We are going to have to understand all of the currents shown in Figure 2. The current IA is what travels down the center of the coaxial cable and onto the red arm of the dipole. The current IB is what flows on the inside of the outer shield of the coaxial cable and feeds the other dipole arm (not shown). The coaxial cable is a lossless transmission line - this means that the currents IA and IB are equal in magnitude but 180 degrees out of phase. That is, IA = - IB.

The current IC is what travels down the outside of the coaxial cable - this is the current that we would like to choke off. How large is IC? To determine this, we note that when the current IB travels to the end of the coaxial cable, it can either travel down the grey dipole arm (of Figure 1) or down the outside of the coaxial cable. The current IC will depend on what the impedance is looking down the outside of the coaxial cable relative to the impedance of the dipole arm. Lets call the impedance of the path on the outside of the coaxial cable as Zg.
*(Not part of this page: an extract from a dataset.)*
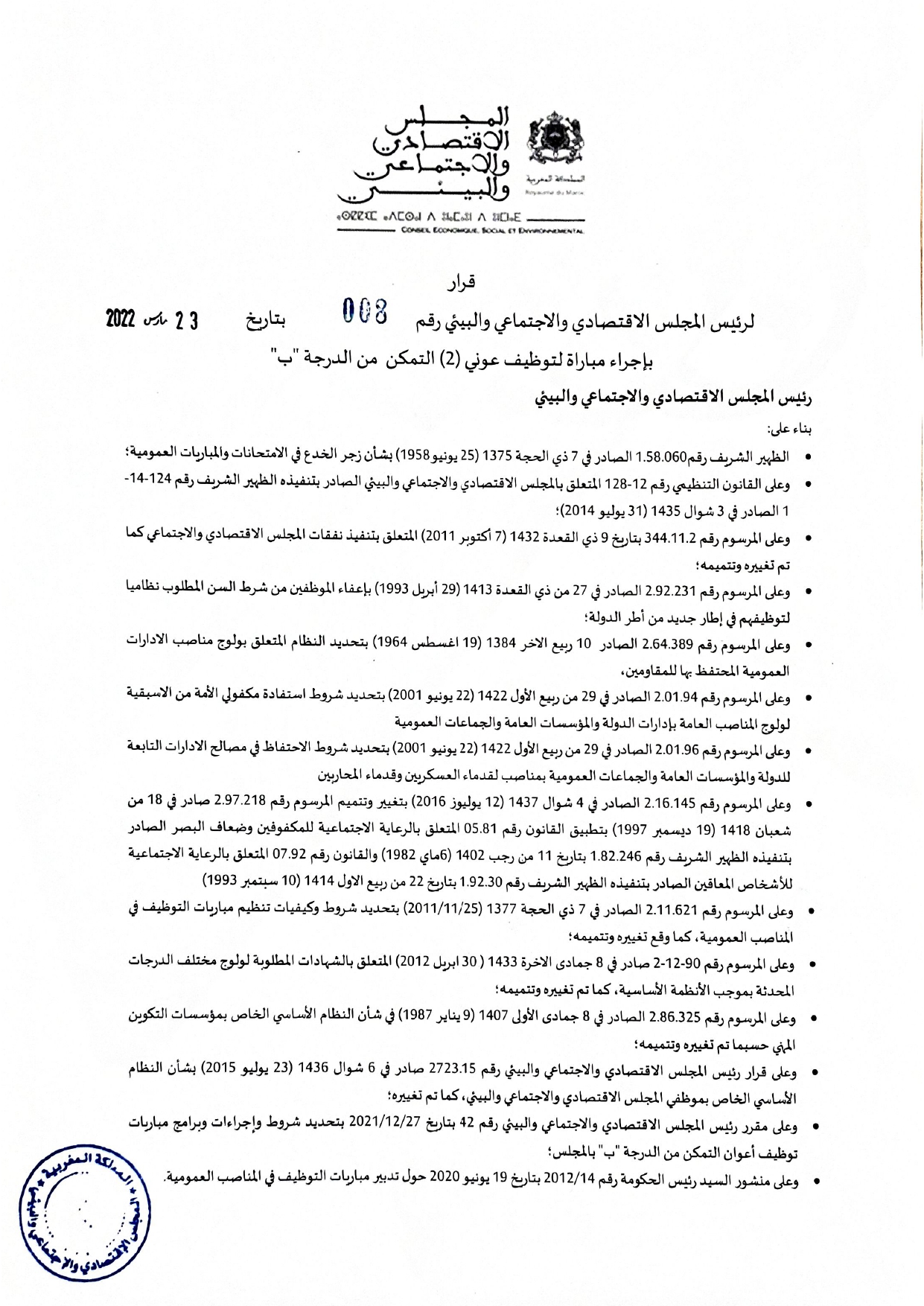 المجلس الإقتصادي والإجتماعي والبيئي مباراة توظيف 04 مناصب آخر أجل 6 ابريل 2022

The current ID must travel in the opposite direction to that of the current IC, because it is fed by the current IA, whereas IC is fed by IB. Here is the important observation. What is the magnitude of ID? The answer is - it must be equal to IC. Why? The answer lies in the following two observations:

First, note that the voltage on the inner conductor (pink line) is out of phase with the voltage on the outer conductor (grey line) - but they are of equal magnitude. Hence, if the attachment point of the balun to the red dipole arm (green to red connection in Figure 2), is made close to the center conductor, then the voltage at the balun connection point and the voltage at the connection between the outer conductor and the grey dipole arm are equal in magnitude but out of phase.
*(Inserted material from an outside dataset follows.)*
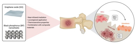 Currently, an innovative bone cancer therapeutic approach is based on photothermal treatment (PTT) as a minimally invasive procedure that can apply selective cytotoxicity on cancer cells, thus reducing detrimental effects toward healthy tissues. Moreover, many studies reported the effects of PTT on bone regeneration by enhancing cell proliferation (i.e., human mesenchymal stem cells, hMSCs) and inducing osteogenic differentiation [94,95]. To enhance PTT effects on bone cancer and bone regeneration, some transducing agents have been developed. Here, therapeutic biomaterials such as exfoliated black phosphorus, graphene oxide (GO), and carbon dots (CDs) for osteosarcoma treatment, are reported.

Second, at the point of attachment of the balun (the green-red connection in Figure 2), the impedance viewed down towards the outside of the coaxial cable must be equal to Zg. This is because the balun is made of the same shape and material as the main coaxial cable. Consequently, the impedance viewed down the balun and onto the main coax must be the same as that for the current IC.

Hence, if the voltages are equal in magnitude and out of phase, then the currents will cancel in the region below the balun. Consequently, balanced operation is restored.

This concept will probably take a few reads to make sense. Draw yourself some diagrams and work through it, and you will understand what is going on.

Note that because this balun requires a quarter-wavelength section to work properly, it is inherently narrowband. Away from the design frequency, the balun will no longer be a quarter-wave long and the properties described here will degrade.